Je voulais un peu de travail, nettoyer leurs poubelles,
Donner ma sueur et mes entrailles à leur citadelle,
Apporter de la couleur dans leur grisaille artificielle,
Et surtout être leur frère sans bercail, sous leur ciel.
 
Ils ont dit que mon visage n’était pas assez pale,
Me voici en cage pour des raisons électorales.
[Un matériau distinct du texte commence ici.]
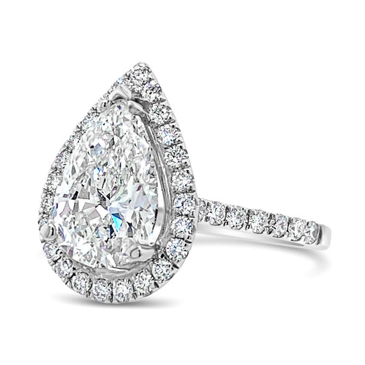 18k Lucienne Pear-shaped Halo F-IF Diamond Engagement Ring
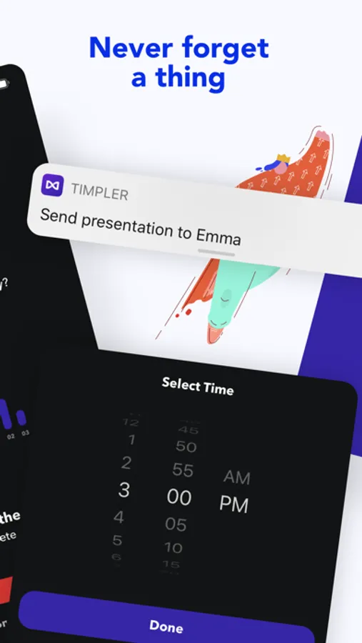 Timpler will schedule habits like "Go running 3 times a week" automatically adding suggestions to your daily agenda. You can customize habits to occur only on selected days of the week. You can also set up reminders at a fixed time or select "Auto" mode and let Timpler try to find the best time for your habit
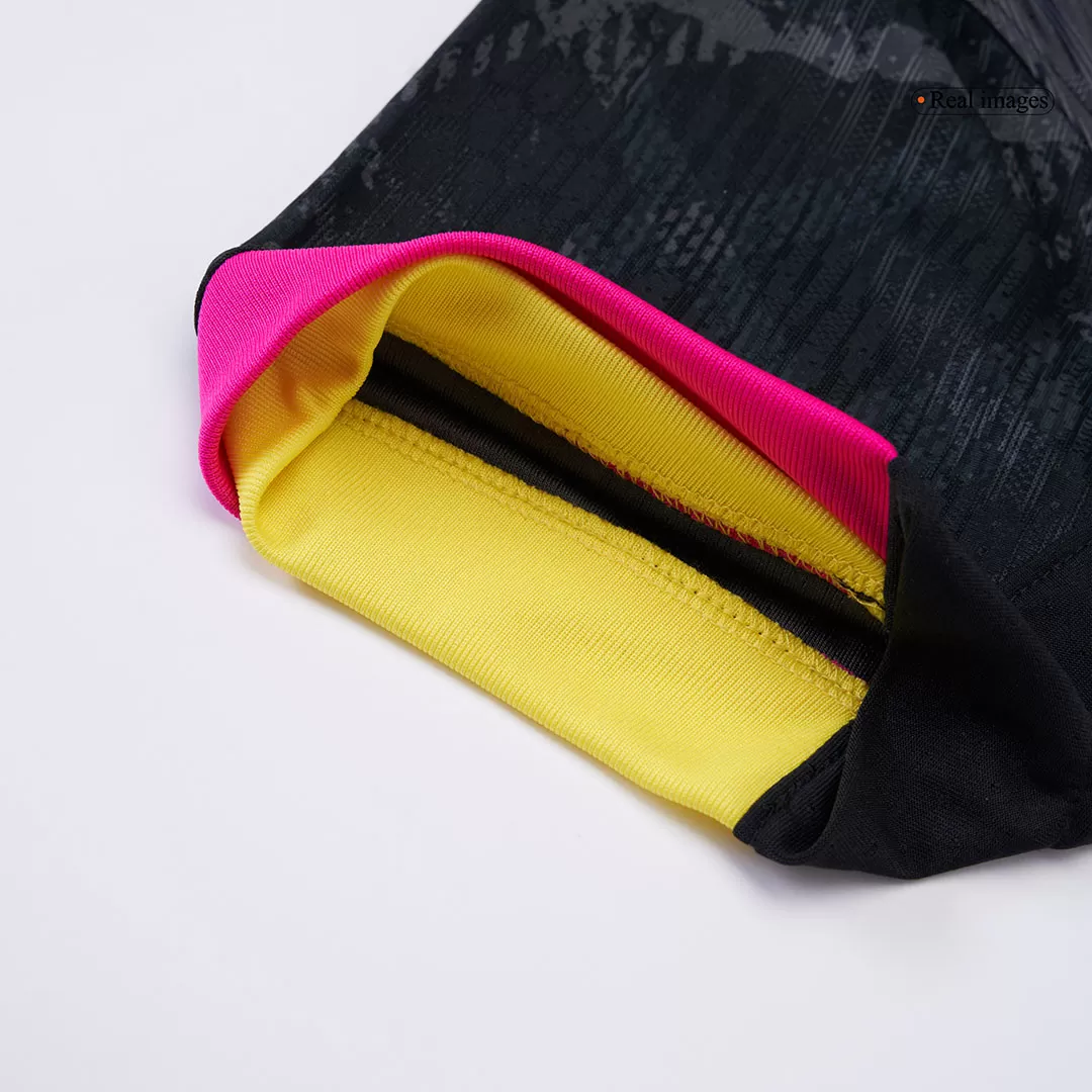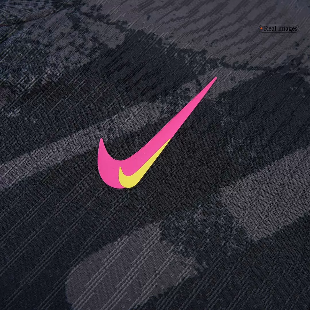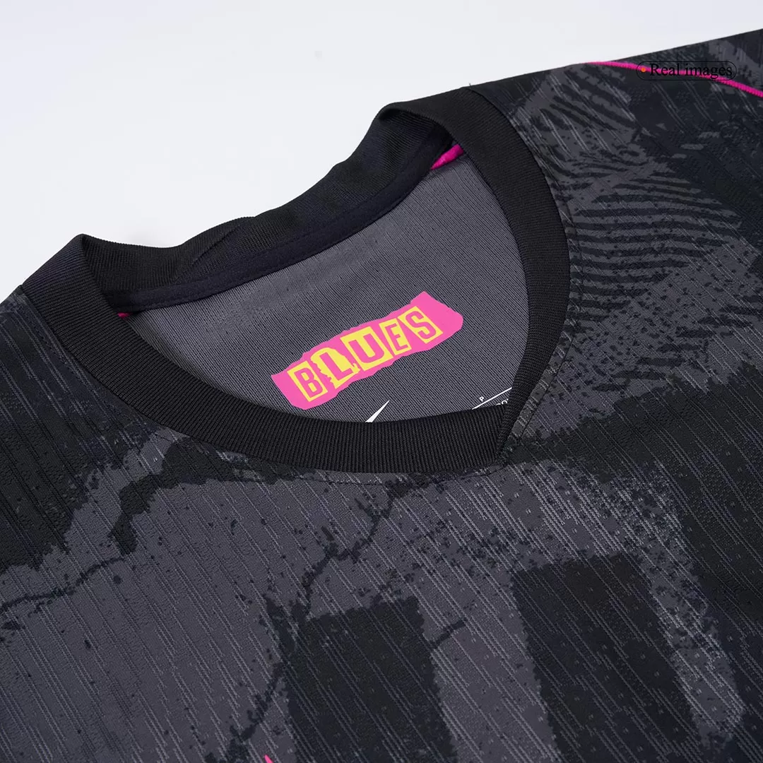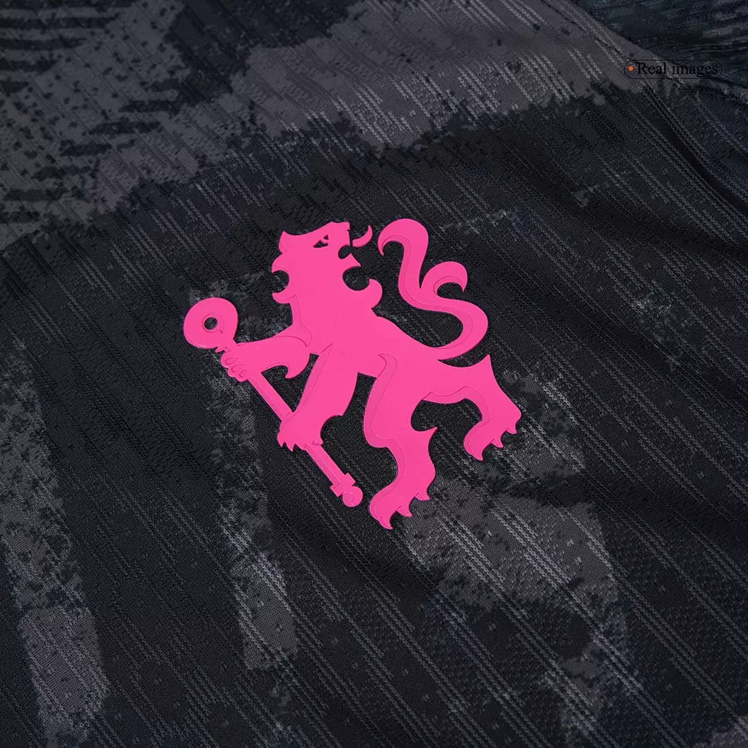 Step onto the pitch with the PALMER #20 Chelsea Third Away Authentic Soccer Jersey, featuring a striking black base enriched with dynamic dark grey patterns that echo the spirit of Chelsea’s relentless drive. Accented with bold pink and yellow trims, this design pays homage to the club’s fearless and vibrant approach to the game. Crafted for optimal performance, this jersey offers breathable, lightweight fabric combined with advanced moisture-wicking technology to keep you cool and comfortable during every play.

En attendant mon voyage qu’ils espèrent final,
Ils sont vigilants à leur otage et son air marginal.
 
Comment expliquer à ma compagne qui m’a vu partir une nuit
de notre campagne, vers l’avenir, loin de l’agonie
Que tous ses risques, la séparation et nos petites économies,
Face aux juristes et leur raisons n’ont aucun prix.
 
Comment pourrai-je dire sans larmes à mes pauvres frères,
Que je me suis fait éconduire par les armes de cette terre,
Sans endurcir leur drame et leur cœur,
Sans noircir leur étoile et leur douceur.
 
Ils ont dit qu’il me fallait tourner la page,
Et je tourne en rond dans ma cage,
Mes soucis ne seraient que des outrages
Et pour de bon il fallait que je dégage.
 
J’ai traversé les mers sur une frêle coquille de noix,
J’ai quitté l’enfer mais j’ai emporté ma croix,
J’ai failli lâcher la bride et me noyer plusieurs fois,
Si les néréides n’avaient eu foie en moi.
 
Je me souviens du juge argumentant qu’à part la misère,
Je ne risque rien de terrifiant à retourner vers l’enfer,
Que la faim et un monde violent ne justifier pas que j’espère
Des lendemains en occident, moi qui ne savais rien faire.
 
Comment sortir de ce dédale,
Où se perd mon avenir et ses pétales ?
On me retire mon piédestal,
On me sert un partir vers un passé frugale.
 
Ils ont dit aux actualités que nous étions trop nombreux,
Ils ont manipulé les opinions par les images et leur jeu,
Ils m’ont pris une matinée d’une saison de peur et feu,
Ils ont arrêtés mes émotions et mes mirages de mieux .
 
Ils fichent leurs enfants et mettent des caméras partout,
Ils suivent les comportements et notent tout,
Ils ont des normes pour l’être et des programmes adaptés,
Qui soignent le paraître et retire sa flamme à l’humanité.
 
Je vois déjà les titres dans le journal.
La chute de quelques pitres en séjour illégal.
Je voulais juste vivre, avoir du travail,
On m’avait dit que l’économie était mondiale.
 
L’argent et les marchandises circulent mais pas les humains,
Sale temps où la piste prise ne mène à rien.
Les puissants et leurs devises, par habitude, ne craignent rien,
Les pauvres gens sont sous l’emprise du destin.